## Action item
Excluding pictures, reproduce word for word the lines from the one containing "- Китти на сломанной" through the end of the material below.

**** Given information

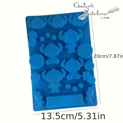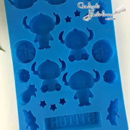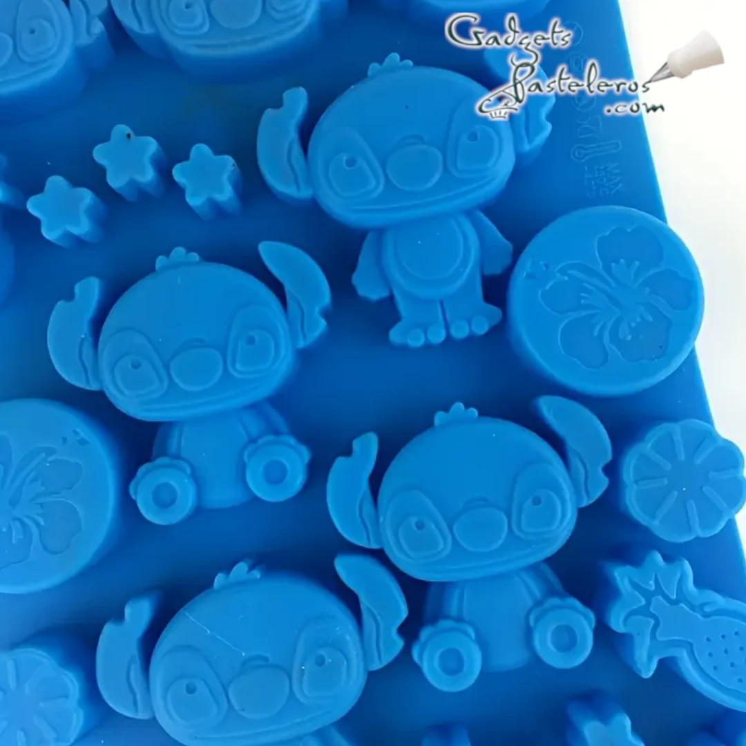 Tags: moldes silicona diseños temática stitch, decoraciones stitch en chocolate, decorar mesas dulces stitch
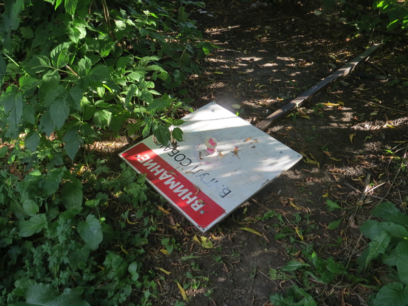 - Китти на сломанной табличке, запрещающей выгул собак. Кстати, здесь реально, видимо, следили за этим запретом. Потому что ещё несколько лет назад эта дорожка представляла собой "минное поле" -- кажется, всех окрестных собак сюда водили выгуливать. Но сейчас дорожка чиста.
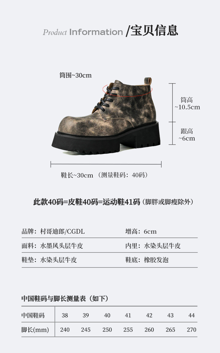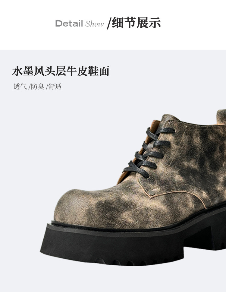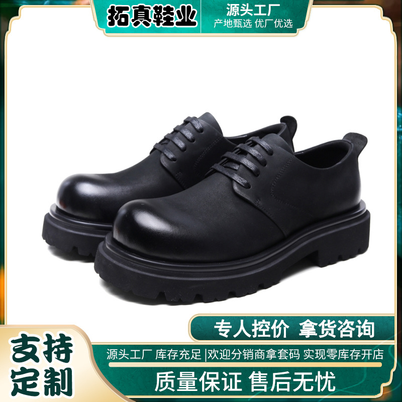 皮鞋头层牛皮男真皮软底内增高男鞋德比大头潮流百搭休闲磨砂皮鞋

********

## Exercise solution
 - Китти на сломанной табличке, запрещающей выгул собак. Кстати, здесь реально, видимо, следили за этим запретом. Потому что ещё несколько лет назад эта дорожка представляла собой "минное поле" -- кажется, всех окрестных собак сюда водили выгуливать. Но сейчас дорожка чиста.
 皮鞋头层牛皮男真皮软底内增高男鞋德比大头潮流百搭休闲磨砂皮鞋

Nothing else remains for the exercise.